Loïc Debrabander et sa compagne ne sont pas des extrémistes de la tendance vegan, végétarienne ou même végétalienne. Comme certains le font, et comme beaucoup devraient le faire, ils s’intéressent juste un peu à leur planète. Et, lorsqu’il y a quelques années, ils ont découvert à quel point l’élevage intensif de bovins se faisait au détriment de l’environnement, ces deux nordistes ont décidé de lever le pied. « On a cherché des alternatives au cuir. Puis, en se renseignant, on découvre que ces mêmes alternatives ne sont pas si propres que ça », déplore Loïc. Entre ça et le gaspillage alimentaire, le couple s’est dit qu’il y avait peut-être un truc à creuser.

Un produit différent sans utiliser la pétrochimie

L’idée de valoriser des déchets alimentaires pour en faire une sorte de cuir a mis du temps à mûrir, notamment parce que ni lui, ni sa compagne ne font partie du milieu du textile. « Ce sont nos valeurs qui nous ont poussées à monter le projet, il y a environ un an », insiste Loïc. Le but était de proposer un produit différent de ce qui existe et sans utiliser la pétrochimie comme c’est souvent le cas des imitations de cuir.
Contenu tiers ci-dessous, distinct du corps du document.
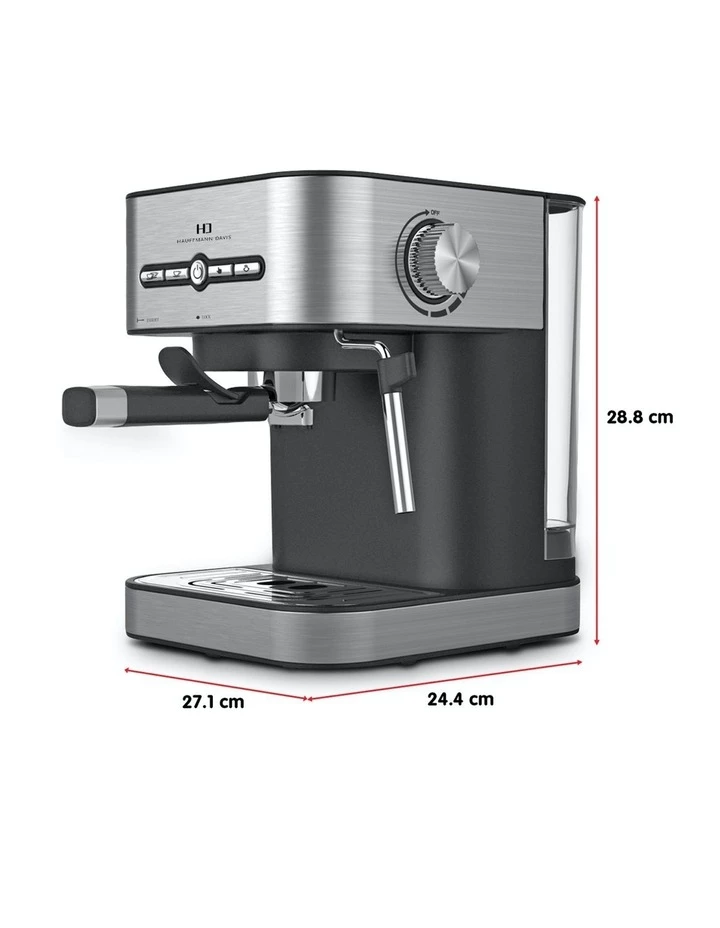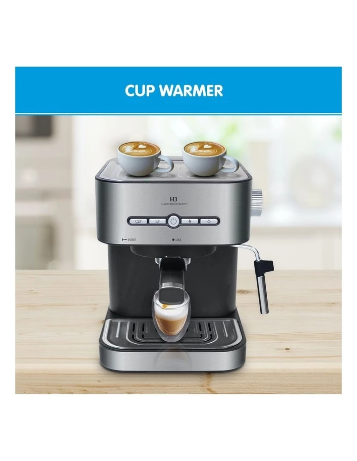 Wake up to delicious coffee every morning with the Hauffmann Davis 1.5L Espresso Machine. Featuring a milk frother, 15 bar Italian ULKA pump and a large detachable water tank, this automatic espresso machine is a coffee connoisseur’s must-have.

Sur le procédé utilisé, le couple reste discret. Secret même. « On a testé avec des produits locaux d’abord, comme la betterave, la pomme de terre, les champignons. Ça ne donnait rien. Avec les pommes, on commençait à avoir quelque chose de probant mais le mieux, ce sont les bananes et les mangues », concède l’entrepreneur.

Le Vegskin est produit à partir de fruits déclassés.
Le Vegskin est produit à partir de fruits déclassés. - Vegskin

Selon lui, cent tonnes de bananes permettent de fabriquer entre 5.000 et 8.000 m2 de cuir végétal. « Ce sont des produits écartés des circuits de vente et destinés à la poubelle parce qu’ils sont abîmés. On estime qu’il y a environ 10 % la perte sur chaque chargement. La manne n’est donc pas près de se tarir », déplore Loïc Debrabander.

Le « Vegskin » est désormais au point. Selon son créateur, la matière est souple, résistante, résiliente et biodégradable, deux dernières propriétés que ne possède pas le cuir. Le coût de production le positionnera sur un marché équivalent au cuir haut de gamme français : maroquinerie, chaussures, sellerie, habillages intérieurs de véhicules… Le seul bémol, ce sont les couleurs : « si l’on veut rester dans la logique environnementale du produit, il nous est impossible de proposer du blanc ou du bleu. Ces couleurs demanderaient un traitement chimique qui n’entre pas dans nos valeurs », reconnaît l’inventeur.